June 3, 2013
Stedman Bailey, WR, West Virginia – Round 3
The Rams entered the 2013 NFL Draft with only three receivers on the roster, so selecting more than one was a necessity. St. Louis went with the “if it isn’t broke don’t fix it” approach when it reunited Bailey with Tavon Austin. Bailey and Austin were the most prolific receiving tandem in college football last year, lighting up secondaries and the scoreboard.
Bailey was one of the most productive receivers in the nation in 2012 and routinely torched defenses. He made 114 receptions for 1,622 yards and 25 touchdowns. Bailey had 13 catches for 303 yards and five touchdowns against Baylor. Bailey is a superb route-runner, has great hands with an underrated speed and physicality. It wouldn’t be surprising if the rookie is a serious competitor to start this season due to polished skill set.
The Rams received a good rookie season from Chris Givens last year, but rookie Brian Quick was slow to develop after making the jump from Appalachian State. Bailey (5-10, 193) could win a starting spot opposite Givens or Tavon Austin. Those three players should be St. Louis’ top-three receivers, and the third receiver is on the field more than the starting fullback. Bailey should continue in the years to come to be a solid receiver who moves the chains with defenses so focused on keeping Austin from breaking off a long touchdown.
Most Likely To Bust
T.J. McDonald, S, USC – Round 3
I think Les Snead’s drafts have a tendency to include some great picks along with a couple of picks that I really dislike. For example, I hated the selection of Isaiah Pead in the 2012 NFL Draft.
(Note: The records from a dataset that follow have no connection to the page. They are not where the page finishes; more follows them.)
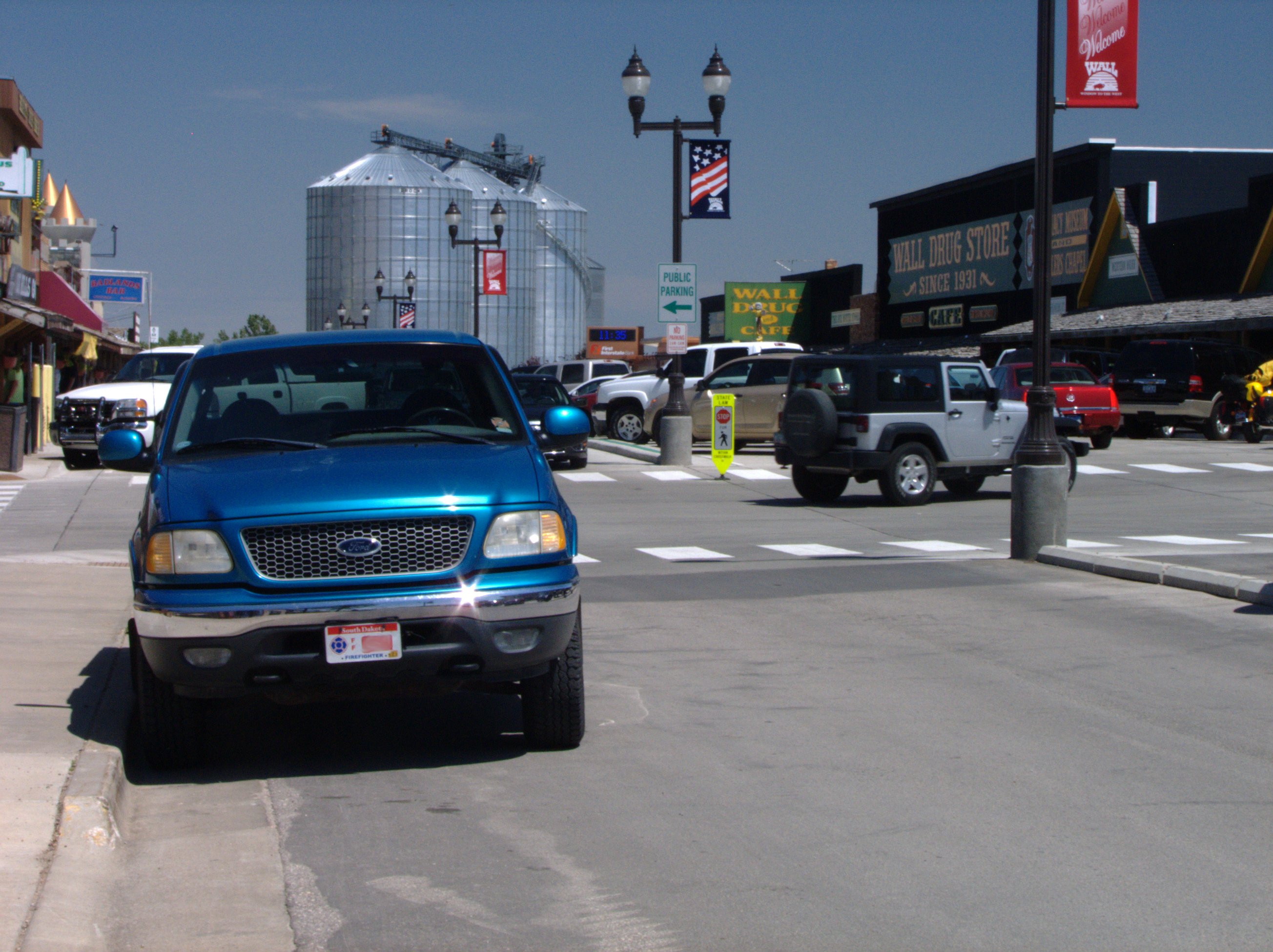 Al's OasisThen it's on to Al's Oasis, a truck stop on the Missouri River, which has matured into a tourist mecca, though in that regard it is the merest foreshadowing of the glories of Wall Drug. I didn't see any acolytes here. Oacoma, SD, is less than a degree east of 100° west, which divides the arable from the arid lands. In this place it is the river that signals the westward shift from flat terrain to high rolling hills, from row crops to hay. On this trip I missed recording a fuel stop partway through, so I don't have comprehensive mileage figures. Total distance was about 2300 miles. Over the first 1700 miles mileage by the tankful varied between 27 miles per gallon and 47 mpg. Variance is largely due to my practice of topping off each tank by varying amounts. Overall mileage was 35.9 mpg. However, I did encounter headwinds of 30 miles per hour for the better part of a couple of days. My 30-year-old bike kept ahead of traffic under 75 mph limits, sustaining relative air speeds in excess of 100 mph. Fuel prices varied from $3.579 at Luvern, MN, to $4.059 in the Dells of Wisconsin. Much of the price difference is due to my purchase of gasoline in preference to gasohol where available. |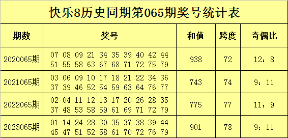 奇偶比分析:去年第065期奖号奇偶比为9:11,历史同期第065期奖号奇偶总比例为41:39,奇偶号码表现与理论基本相当,今年第065期预计奇偶号码表现与理论基本相当,推荐奇偶比9:11。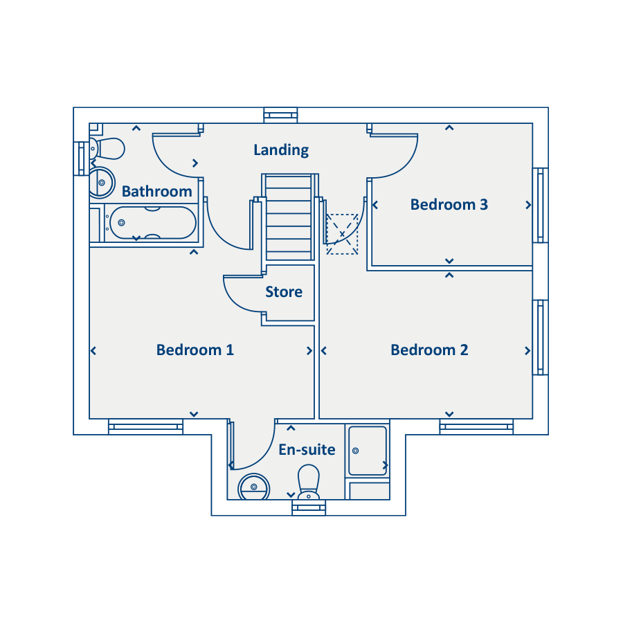 The three-bedroom detached Foxhill is our modern take on a traditional family home.Designed to help you make the most of family life, the Foxhill boasts a generous living room, with space for everyone. The bay window floods the room with light throughout the day and is a great feature in the room. The contemporary kitchen/diner is another family-friendly room everyone will love. With a modern, well-equipped kitchen one end and dining space at the rear, it's amazingly flexible and functional too. Plus with French doors leading to the garden, it's ever so easy to bring the outside in.Upstairs, off the central staircase, there are two double rooms and a good-sized single bedroom. The bedroom one has an en suite shower room. There's a stylish family bathroom too. Tenure: Freehold. Council tax: Determined by your local authority. Estate management fee: Average 221.54 pa, please ask for exact amount.
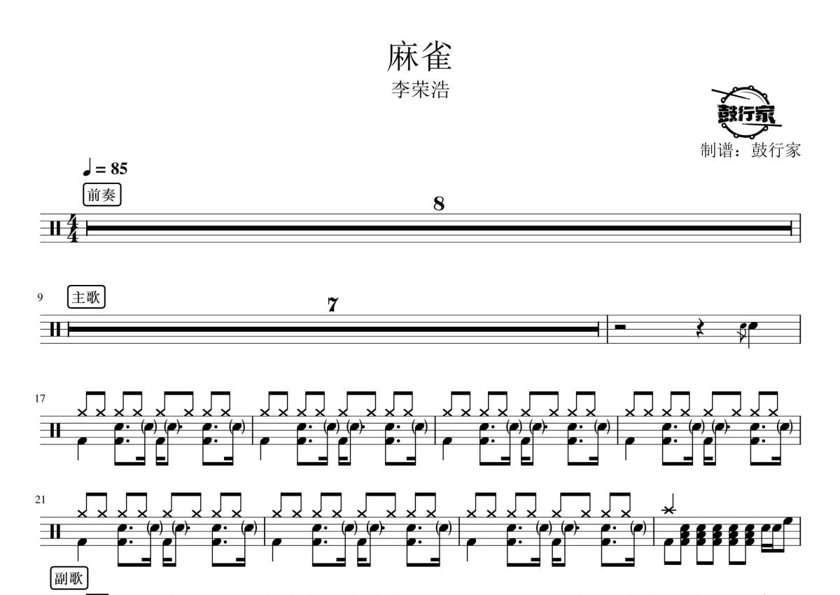《麻雀》是李荣浩演唱的一首歌曲,拍号为4/4拍,歌曲速度为每分钟85拍,这份鼓谱共有两张高清图谱,图谱由 @鼓行家 编配上传,图谱使用五线谱编配,使用这份麻雀架子鼓谱,你将能够轻松地敲打出这首李荣浩的麻雀,快来尝试吧。

I thought he ran too upright, had fumbilitis and was nothing more than a third-down back for the NFL. I also was skeptical of Brian Quick, but everybody knew he needed more time than most due to coming from a small school. Pead had an awful rookie year while Quick didn’t impress. However, I know that Snead and the Rams have a good scouting staff, so the organization deserves the benefit of doubt along with time and patience to see if the players develop.
I liked all of the Rams’ selections this year with the exception of McDonald. I think 6-foot-3, 219-pounder is a straight-line safety who is going to struggle in pass coverage in the NFL. He could be a liability when asked to cover slot receivers or tight ends. McDonald has good run defense, size, length and hitting ability, but the lack of agility to maintain pass coverage looks like a real weakness to me. It was disguised to a degree in Monte Kiffin’s Tampa 2 system at USC, but good NFL safeties are able to cover slot receivers and tight ends.
McDonald will have to play strong safety responsibilities and has no problem as the eighth man in the box. He isn’t a rangy center fielder who will take away the deep part of the field. Having McDonald on the field limits St. Louis’ ability to disguise what its safeties are going to do because McDonald isn’t versatile enough to play free safety.
I think the Rams had another good draft class and are building themselves into something, but McDonald was the one pick I’m not a fan of. I could see him turning into a bust in the passing-driven NFL.
Potential Boom Pick
Tavon Austin, WR, West Virginia – Round 1
This was a tough call between Austin, Georgia linebacker Alec Ogletree and Alabama center Barrett Jones. Jones was one of my favorite prospects in the 2013 NFL Draft. I think Jones was an absolute steal for the Rams in the fourth round and will end up being an excellent starter at center or guard for years to come. Ogletree is fast and physical, plus tremendous in pass coverage. He could turn into one of the best outside linebackers in the NFL.
While I liked Jones and Ogletree, you can’t say that either has bigger boom potential than Austin. The diminutive speedster is a home run threat any time he touches the ball. He could reignite the “Greatest Show on Turf” and transform the Rams’ offense.
Austin totaled 114 receptions for 1,289 yards and 12 touchdowns last year. The senior also had 72 carries for 643 yards and three touchdowns. Austin was an electric play-maker who was able to consistently produce long scoring plays. IAustin caught 101 passes for 1,186 yards and eight touchdowns as a junior. He scored eight touchdowns in his 58 receptions for 787 yards in 2010.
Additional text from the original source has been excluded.